DATA:
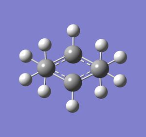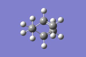 As can be seen, the structure above looks very similar to the chair conformation. It doesn't look like a boat because the rotations around the central bonds weren't considered in this optimisation. In order to obtain boat like transition state structure, the reactant and product structures were modified-the angle of the central four C atoms was set to 0o and the angles C2-C3-C4(reactant), C3-C4-C5(reactant), C2-C1-C6(product) and C1-C6-C5(product) were set to 100o.
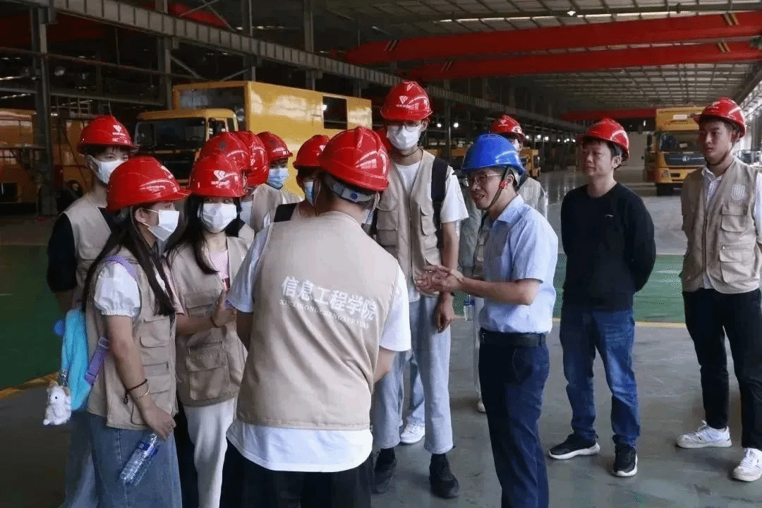 师生们先是到公司会议室观看宣传片,了解该公司的企业文化。接着,师生们戴上安全帽走进生产车间,参观并听取讲解员的解说并近距离感受制作汽车的步骤。随后在公司负责人的陪同下来到汽车内部车间,观看工作人员精湛的技艺,并感受车间内部整齐有序的机器运作。最后,同学们来到实践基地,对工作人员精益求精的工匠精神表示崇高的敬意。
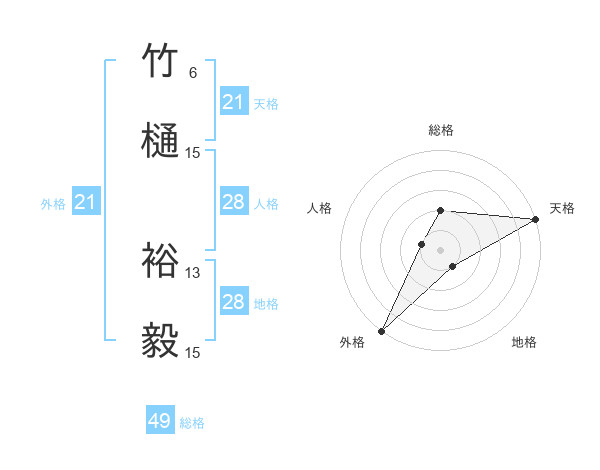 竹樋 裕毅さんの天格は21画の5点!
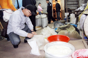 经过一天的检查,造假窝点的负责人一直没有露面。稽查人员将全部药品原料、成品装袋,准备没收。几名工人不断地阻拦稽查人员,理由是“这些药还没干燥好,装走了就不能卖了。”

WHAT NEEDS TO BE DONE: Exact repetition of the material above is required, with the images removed.

RESPONSE TO THIS TASK:
 As can be seen, the structure above looks very similar to the chair conformation. It doesn't look like a boat because the rotations around the central bonds weren't considered in this optimisation. In order to obtain boat like transition state structure, the reactant and product structures were modified-the angle of the central four C atoms was set to 0o and the angles C2-C3-C4(reactant), C3-C4-C5(reactant), C2-C1-C6(product) and C1-C6-C5(product) were set to 100o.
 师生们先是到公司会议室观看宣传片,了解该公司的企业文化。接着,师生们戴上安全帽走进生产车间,参观并听取讲解员的解说并近距离感受制作汽车的步骤。随后在公司负责人的陪同下来到汽车内部车间,观看工作人员精湛的技艺,并感受车间内部整齐有序的机器运作。最后,同学们来到实践基地,对工作人员精益求精的工匠精神表示崇高的敬意。
 竹樋 裕毅さんの天格は21画の5点!
 经过一天的检查,造假窝点的负责人一直没有露面。稽查人员将全部药品原料、成品装袋,准备没收。几名工人不断地阻拦稽查人员,理由是“这些药还没干燥好,装走了就不能卖了。”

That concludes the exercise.